A group of Afghan asylum-seekers looking for shelter at Victoria Square, a public park in the capital, comprises of 66 people, including four pregnant women and children.
"They told us we have to leave Moria Camp. They said: 'Go to Athens, finish your paperwork and go wherever you want after that,'" said Alireza, who came to Athens two days ago.
"I don't get that. We are refugees. They officially left us here. Imagine that you came to Afghanistan and did not speak the language. And nobody guides you. How would you feel?" said another refugee who spent the night in the street.
Petros Konstantinou, head of the United Movement Against Racism and the Fascist Threat (KEERFA), said Athens municipality reacted to the situation passively and called the authorities to take action.
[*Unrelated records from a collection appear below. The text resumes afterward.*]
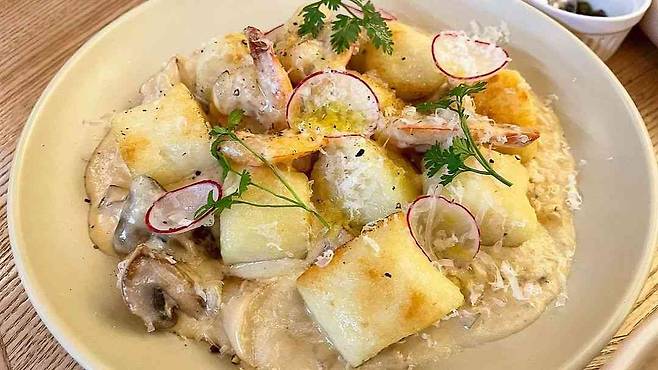▲메뉴: 매콤봉골레파스타 16,900원, 대파크림옥수수뇨끼 17,900원, 브리비트스테이크 34,900원
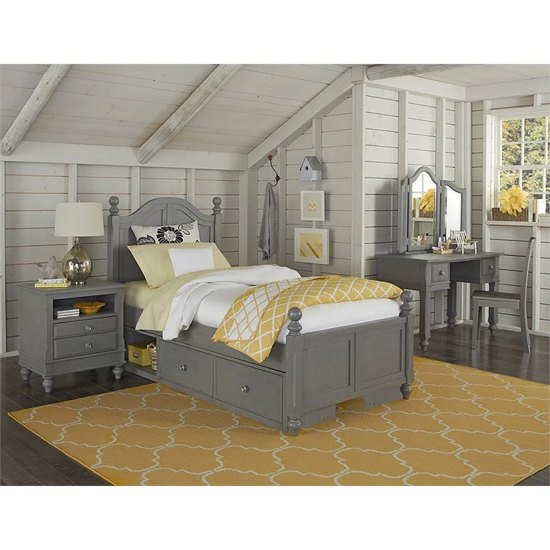 NE Kids Lake House Payton Wood Arch Twin Double Storage Bed in Gray Stone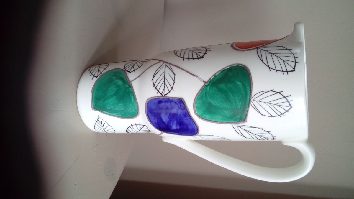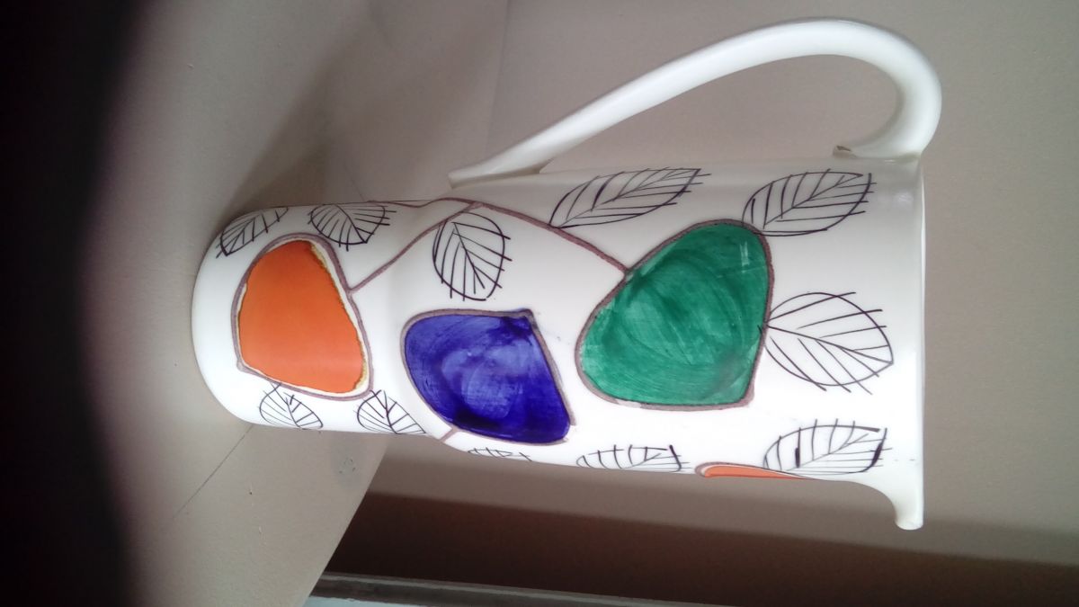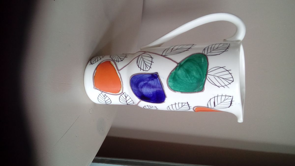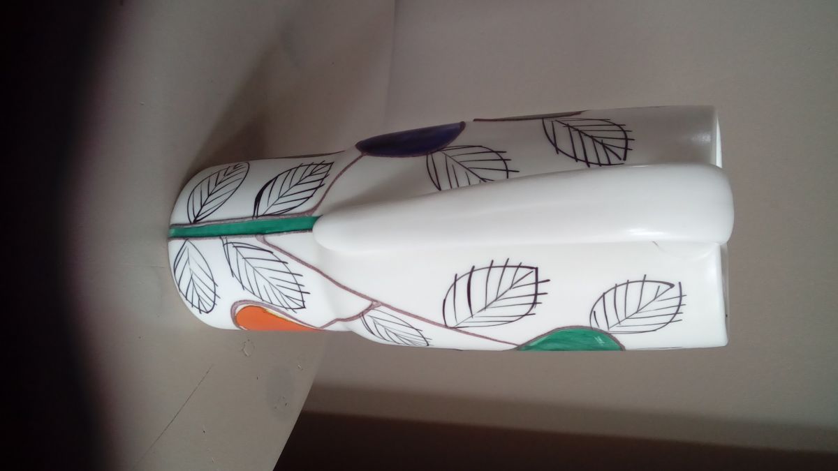 Céramique vintage très originale à motif de feuilles dans un style naif. En bon état , juste un léger éclat au niveau du bec.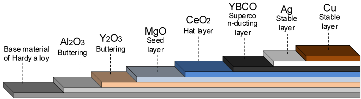 However, the preparation process of YBCO is very complex: firstly, the conductive oxide coating (YBCO layer) is very brittle, the traditional extrusion molding method can not retain its superconducting properties; Secondly, due to the serious problem of weak connection in the YBCO layer, the critical current density of the polycrystal is very low, so it is necessary to eliminate the large angle grain boundary in the current transmission path, which makes it is more difficult in the fabrication process again. The manufacturing process of YBCO is to fabricate YBCO oxide coating on a flexible metal substrate, so YBCO high temperature superconducting material is also called coating conductor.The coating conductor is mainly composed of three parts: textured baseband, transition layer and superconducting layer, in which the manufacturing cost of textured baseband accounts for more than 60 % of the total cost.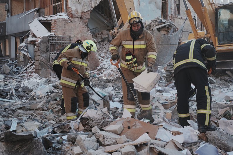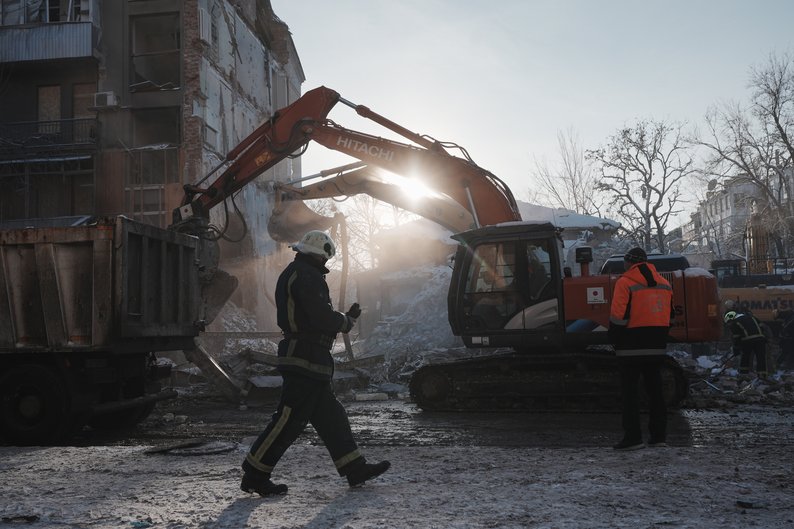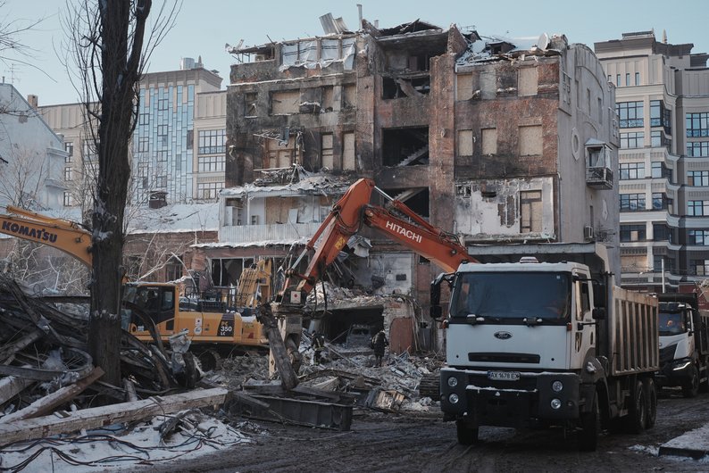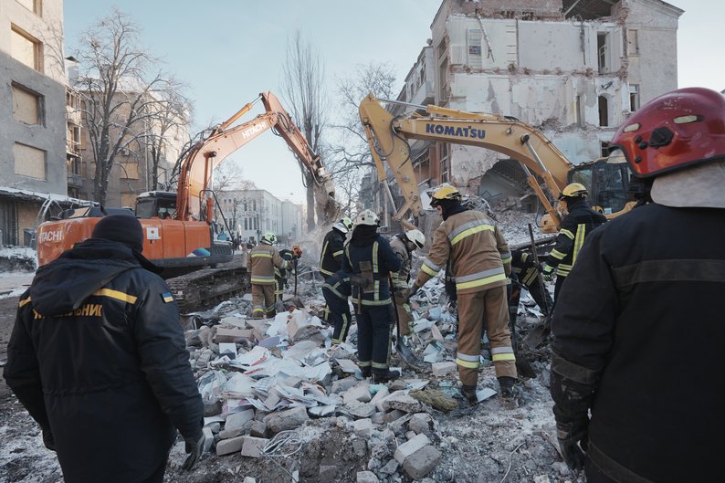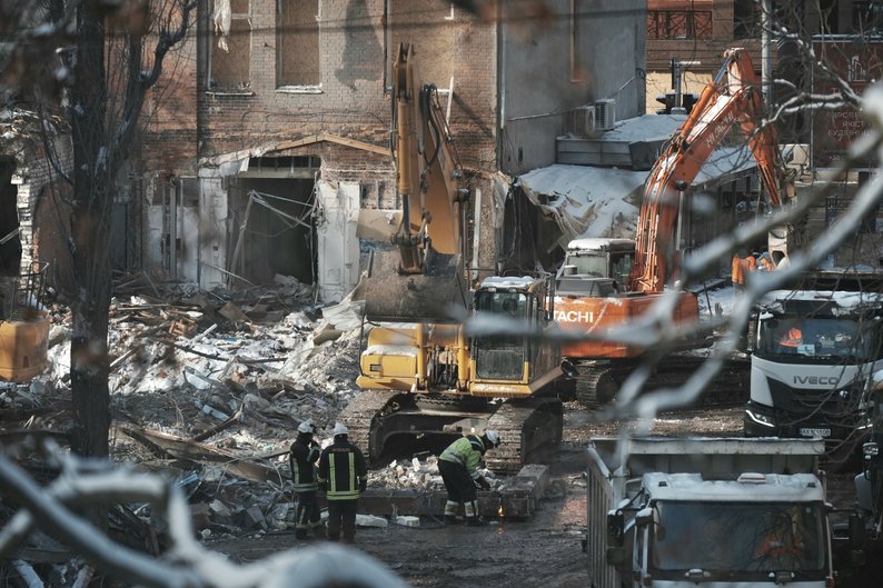 Розбір завалів на місці руйнування будівель у центрі Харкова внаслідок вибухів, 5 січня 2026 року. Суспільне Харків/Вікторія Якименко
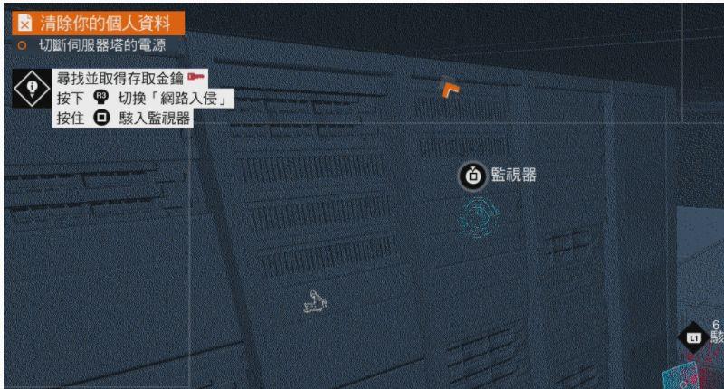 六、现在只要向下逃离伺服器塔即可,途中会有个小教程教你完成通过入侵设备来吸引敌方的注意,或是将人击晕。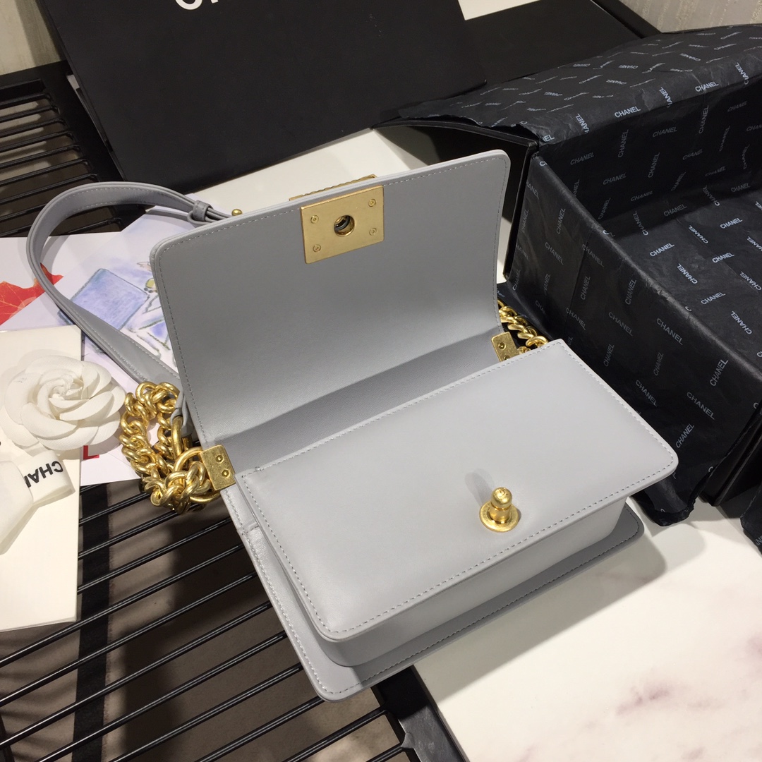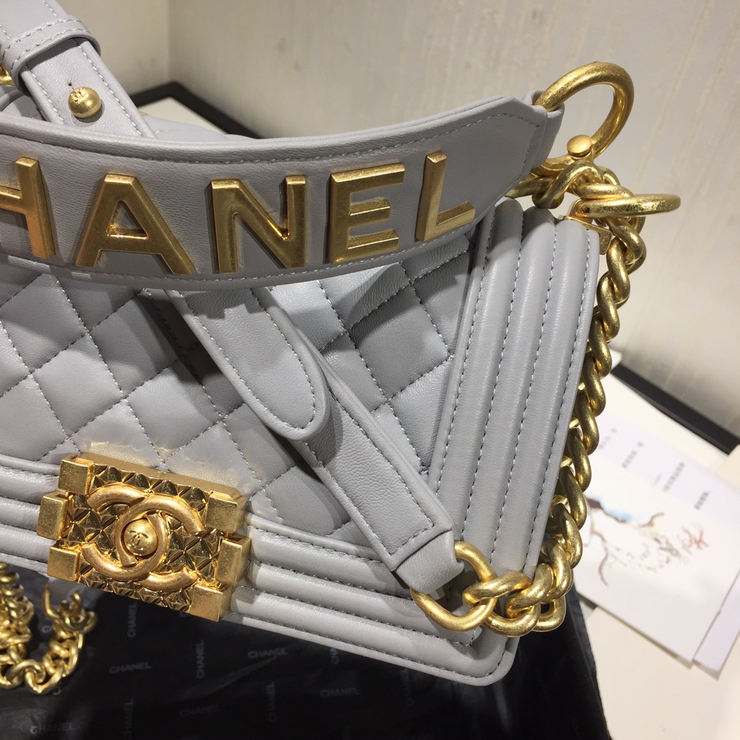 Ch**el medium boy bag chevron gold-tone metal grained leather dark gray a67086 25cm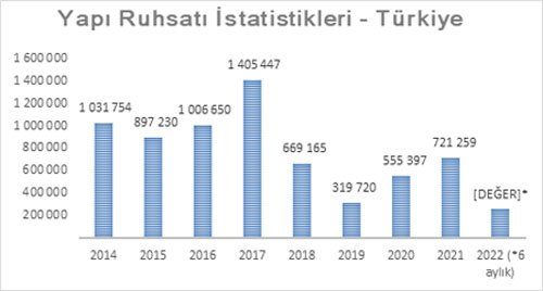 “TÜİK tarafından belediyelerden derlenen, inşaat sektöründe faaliyet hacmine ve konut arzındaki gelişmeye ışık tutan yapı ruhsat verilerine göre, Türkiye genelinde, 2022 yılının ilk yarısında yapı ruhsatı alınan daire sayısı %21 azalmıştır.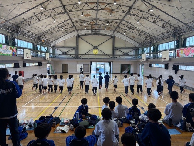 保健体育の授業では、体力テストを行っています。写真は20mシャトルランテストの様子です。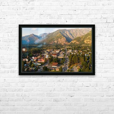 Aerial view of Leavenworth the Bavarian Alpine village in Casca Picture Frame Printing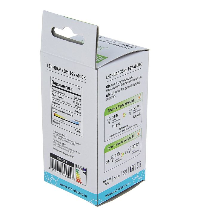 Светодиодная лампа ASD Е27 предназначена для подсветки и акцентного освещения, например, в качестве декора интерьера. Она улучшит условия освещения и поможет снизить уровень потребления электроэнергии.

"This is the result of the government's racist policy that leaves 11,000 refugees homeless without providing the conditions for their integration into society," he said.
Many refugees who obtained asylum rights are in danger of becoming homeless after EU-funded accommodation programs for refugees ended in Greece.
The U.N. Refugee Agency earlier this month warned that the moving of thousands of refugees, some of them from Greek islands to the mainland, could leave many homeless and is deeply concerning.
The UNHCR said that the government-arranged exit of at least 9,000 recognized refugees from Greece's reception system is a "premature" move before they have effective access to employment and social welfare schemes.
"Forcing people to leave their accommodation without a safety net and measures to ensure their self-reliance may push many into poverty and homelessness," warned UNHCR spokesperson Andrej Mahecic at a briefing of the United Nations in Geneva.
A new law adopted in March 2020 reduces the grace period for recognized refugees from six months to 30 days to transition from organized accommodation and essential support to independent living.
The UNHCR urged Greece to increase the national reception capacity at sites, apartments, hotels and cash for shelter.
Most of the asylum-seekers, about 32% of them are Afghans, another 26% are Syrians, and Iraqis are represented by 12%. The nationals of the Democratic Republic of the Congo make up 5% and Pakistan 4%.
There are over 33,000 asylum-seekers and migrants packed into camps on the islands of Lesbos, Chios, Samos, Leros and Kos which were originally built to handle fewer than 6,100 people.
Lesbos lies just off the Turkish coast, and hundreds of thousands of migrants and refugees have used the island as a staging post in recent years in their attempt to get to mainland Europe.
Turkey and Greece have been key transit points for asylum-seekers, refugees and migrants seeking to cross into Europe to start new lives, especially those fleeing war and persecution.